- Interactive map of Century Village, Florida
- Coordinates: 26°42′56″N 80°7′34″W﻿ / ﻿26.71556°N 80.12611°W
- Country: United States
- State: Florida
- County: Palm Beach

Area
- • Total: 1.1 sq mi (2.8 km^{2})
- • Land: 1.0 sq mi (2.6 km^{2})
- • Water: 0.077 sq mi (0.2 km^{2})
- Elevation: 16 ft (5 m)

Population (2000)
- • Total: 7,616
- • Density: 7,588/sq mi (2,929.8/km^{2})
- Time zone: UTC-5 (Eastern (EST))
- • Summer (DST): UTC-4 (EDT)
- Area codes: 561, 728
- FIPS code: 12-11437
- GNIS feature ID: 1867125

= Century Village, Florida =

There are four "Century Villages" in South Florida's Miami metropolitan area, built by the same developer: West Palm Beach (Palm Beach County), Boca Raton (Palm Beach County), Deerfield Beach (Broward County), and Pembroke Pines (Broward County). This article deals only with the West Palm Beach Century Village, the only one formerly designated as a census-designated place.

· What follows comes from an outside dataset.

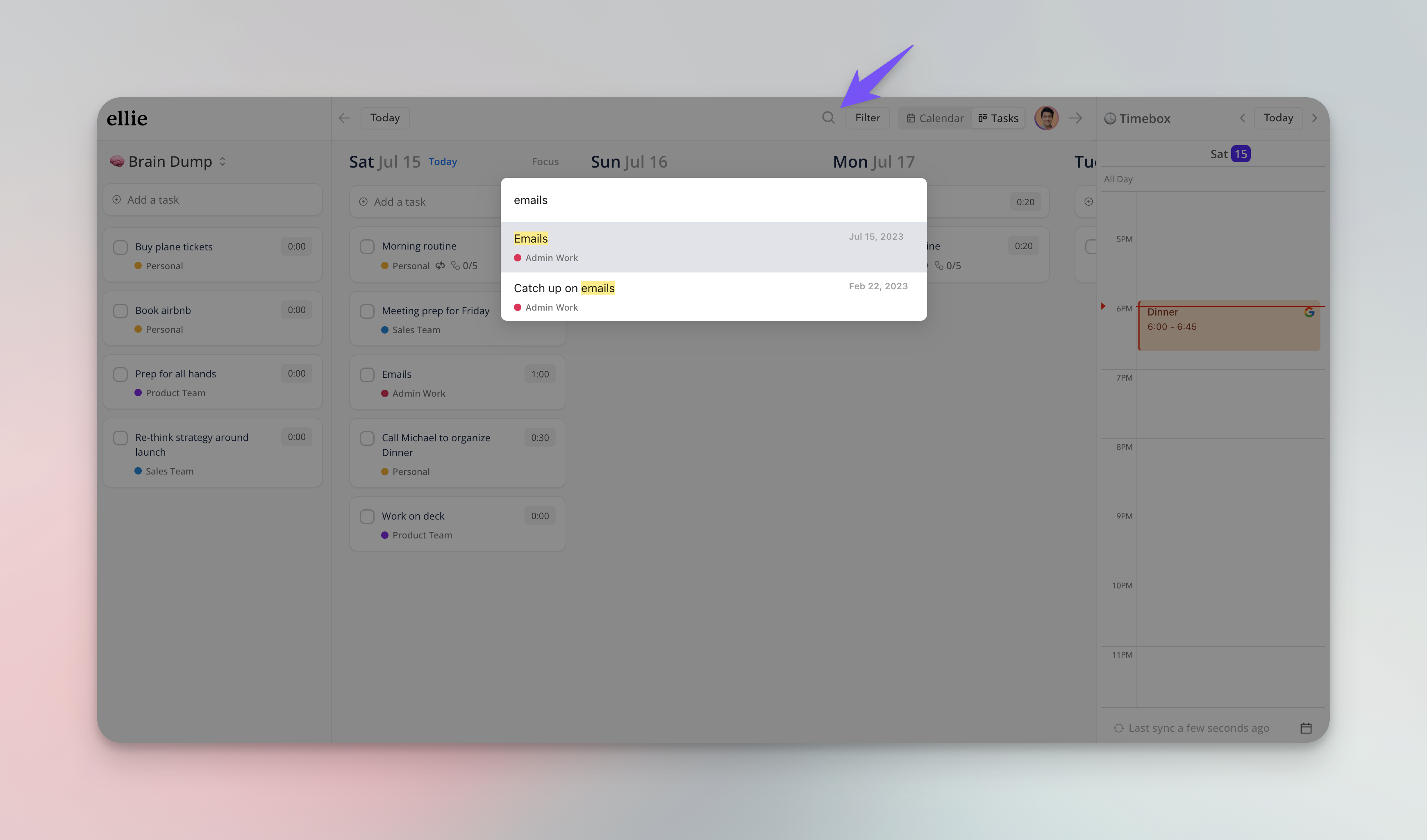 You can search for any tasks in Ellie by clicking the Search icon in the top bar (or with the keyboard shortcut CMD+K or CTRL+K)

All of them are gated retirement communities, whose residents must be 55 or over.

==Demographics==
As of the census of 2000, there were 7,616 people, 7,854 households, and 1,777 families residing in the CDP. The population density was 2,940.6 /km2. There were 7,854 housing units at an average density of 3,379.9 /km2. The racial makeup of the CDP was 98.41% White (95.6% were Non-Hispanic White), 0.43% African American, 0.03% Native American, 0.42% Asian, 0.08% Pacific Islander, 0.11% from other races, and 0.53% from two or more races. Hispanic or Latino of any race were 2.99% of the population.

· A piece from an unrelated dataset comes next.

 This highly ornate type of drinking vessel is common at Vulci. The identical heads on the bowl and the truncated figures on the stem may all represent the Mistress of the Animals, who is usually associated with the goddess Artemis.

In 2000, there were 7,854 households, out of which 0.1% had children under the age of 18 living with them, 29.0% were married couples living together, 2.4% had a female householder with no husband present, and 67.9% were non-families. 65.2% of all households were made up of individuals, and 57.4% had someone living alone who was 65 years of age or older. The average household size was 1.38 and the average family size was 2.07.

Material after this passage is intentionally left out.